Last week I had a mountain, and this week I had a beach. The tears still come, regardless of the place. While looking out a windshield and rocking on a screened-in porch. The tears don’t stop, because it all still hurts, and I still have no idea what to do, and I’m still a worrier. And as much as I’d like to at times, I can’t change those tendencies. I can’t wish away all those feelings.

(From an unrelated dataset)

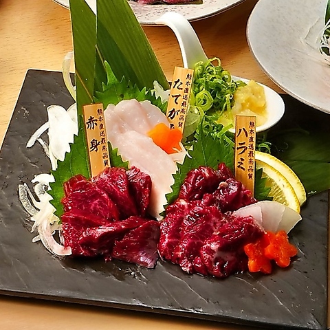 各種「馬刺し」は熊本県産の馬肉を使用。是非ほんとに旨い馬を召し上がって頂きたい。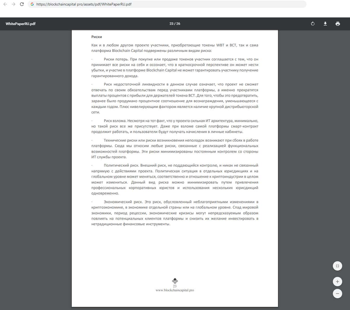 Лохотрон BlockchainCapital Pro представил пользователям предупреждение о рисках сотрудничества с компанией. В этом документе указанны различные риски, последствие которых это потеря средств, и даже технические риски влекут за собой потерю средств исключительно не в пользу клиента, что очень странно.

But the views are beautiful.

2015-04-25 20.04.23

2015-04-26 05.34.15

2015-05-02 19.54.53

2015-05-02 19.46.26

“I will give you the treasures of darkness
And hidden riches of secret places,
That you may know that I, the LORD,
Who call you by your name,
Am the God of Israel.” — Isaiah 45:3

“Sometimes it is very dark. We cannot understand what we are doing. We do not see the web we are weaving. We are not able to discover any beauty, any possible good in our experience. Yet if we are faithful and fail not and faint not, we shall some day know that the most exquisite work of all our life was done in those days when it was dark.” — Streams in the Desert [This made its way to me through Jane Johnson and her study ​Treasures in the Darkness.]